I find it amazing that 2 judges dissented.
I do not find it amazing that U.S. law has followed Calvin's Case since 1776, and British law followed it until 1981 when it changed that law by issuing a new statute law. Neither do I find it amazing that nobody remembers the two dissenting opinions, who wrote them, or what they said.
If you state your opinion on the law, it is predictable that you are on the "2" side of 12-2. Not that you ahave ever actually read the dissents.
That is an assertion. You know all the examples of cited cases where it didn't. (Such as Sailor's snug harbor)
Neither do I find it amazing that nobody remembers the two dissenting opinions, who wrote them, or what they said.
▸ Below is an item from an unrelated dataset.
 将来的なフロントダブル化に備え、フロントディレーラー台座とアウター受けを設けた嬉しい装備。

It's not amazing that people don't remember the dissenting opinions. It is amazing that there WERE any dissenting opinions.
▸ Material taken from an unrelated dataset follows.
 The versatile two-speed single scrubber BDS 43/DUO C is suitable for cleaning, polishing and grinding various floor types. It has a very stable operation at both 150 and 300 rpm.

With the entire force of the King coming down on the Judges, and civil war as a prospect for voting against the king, it is amazing that two judges still had the balls to do it.
Am I not explaining the point in a clear enough manner that you can get it?
Those two judges were potentially taking their own life in their hands for voting against the King.
It is unremarkable that the majority will cave if threatened. It is quite remarkable that two of them would not cave under pressure.
The Asch conformity experiment shows that 80% of a population will go along with the majority, while 20% will insist on the truth.